**** INPUT DATA ****

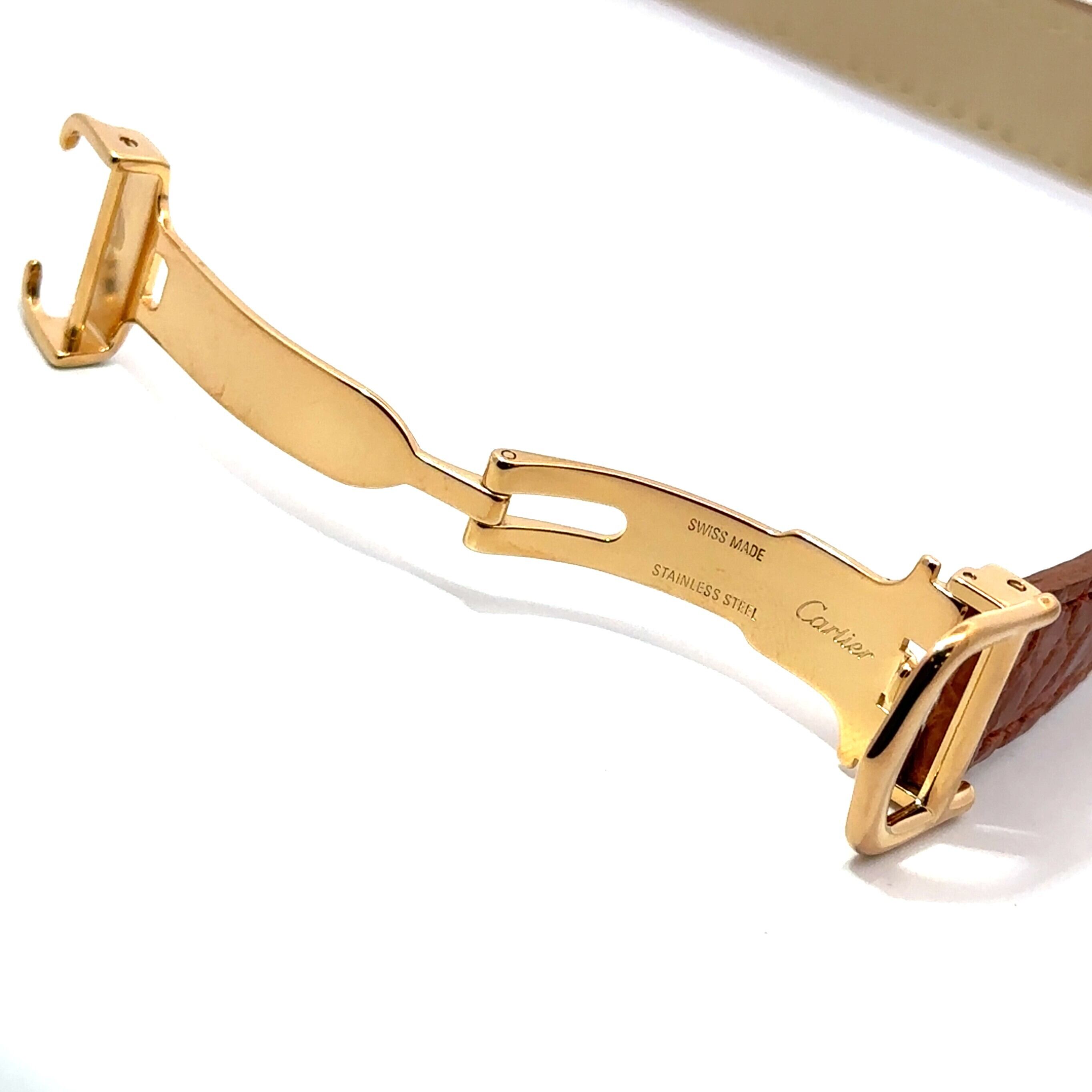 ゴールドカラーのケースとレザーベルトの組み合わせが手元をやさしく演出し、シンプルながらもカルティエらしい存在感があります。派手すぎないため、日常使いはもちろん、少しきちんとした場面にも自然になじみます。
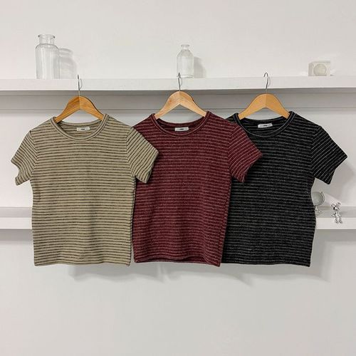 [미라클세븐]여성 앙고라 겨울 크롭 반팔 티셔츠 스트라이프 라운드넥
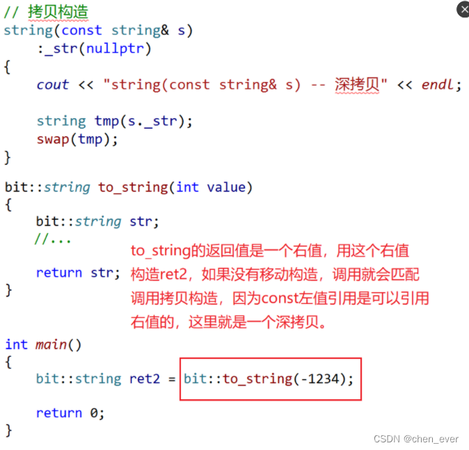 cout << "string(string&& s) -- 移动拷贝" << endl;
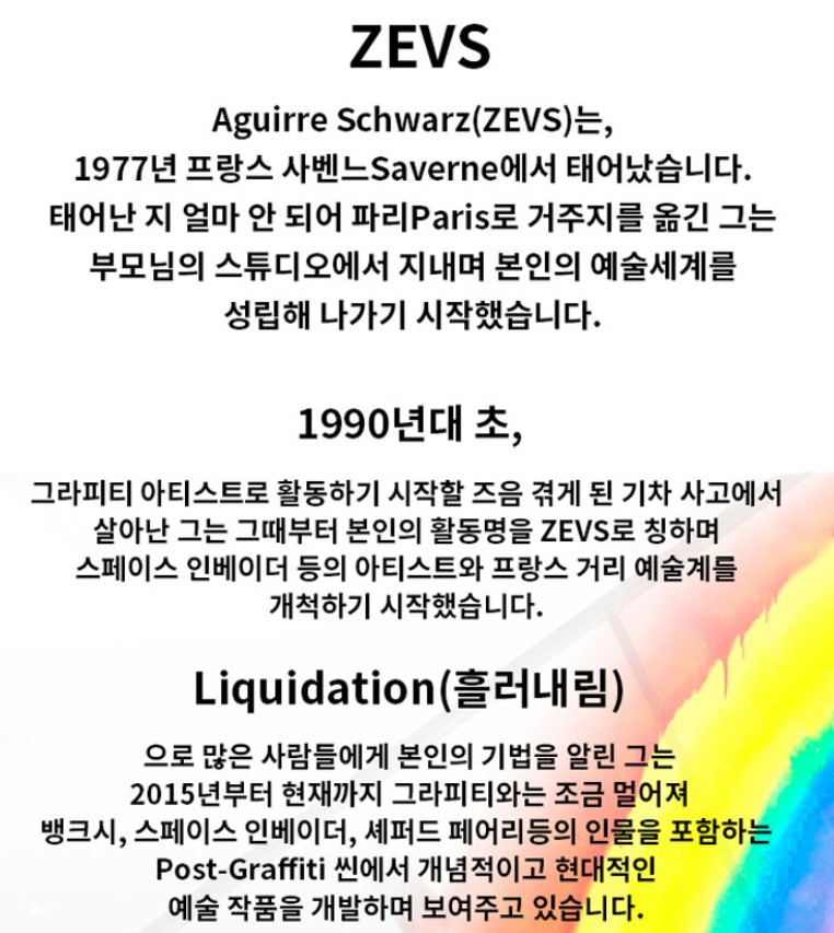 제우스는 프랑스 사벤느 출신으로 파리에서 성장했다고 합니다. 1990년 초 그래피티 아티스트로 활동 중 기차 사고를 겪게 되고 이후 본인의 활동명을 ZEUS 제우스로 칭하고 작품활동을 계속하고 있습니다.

****

→ WHAT NEEDS TO BE DONE
Take the lines from the one that contains "[미라클세븐]여성 앙고라 겨울 크롭 반팔 티셔츠 스트라이프 라운드넥" down to the last line of the listing above, both included, and set them down exactly, leaving out pictures.

→ ANSWER BELOW
 [미라클세븐]여성 앙고라 겨울 크롭 반팔 티셔츠 스트라이프 라운드넥
 cout << "string(string&& s) -- 移动拷贝" << endl;
 제우스는 프랑스 사벤느 출신으로 파리에서 성장했다고 합니다. 1990년 초 그래피티 아티스트로 활동 중 기차 사고를 겪게 되고 이후 본인의 활동명을 ZEUS 제우스로 칭하고 작품활동을 계속하고 있습니다.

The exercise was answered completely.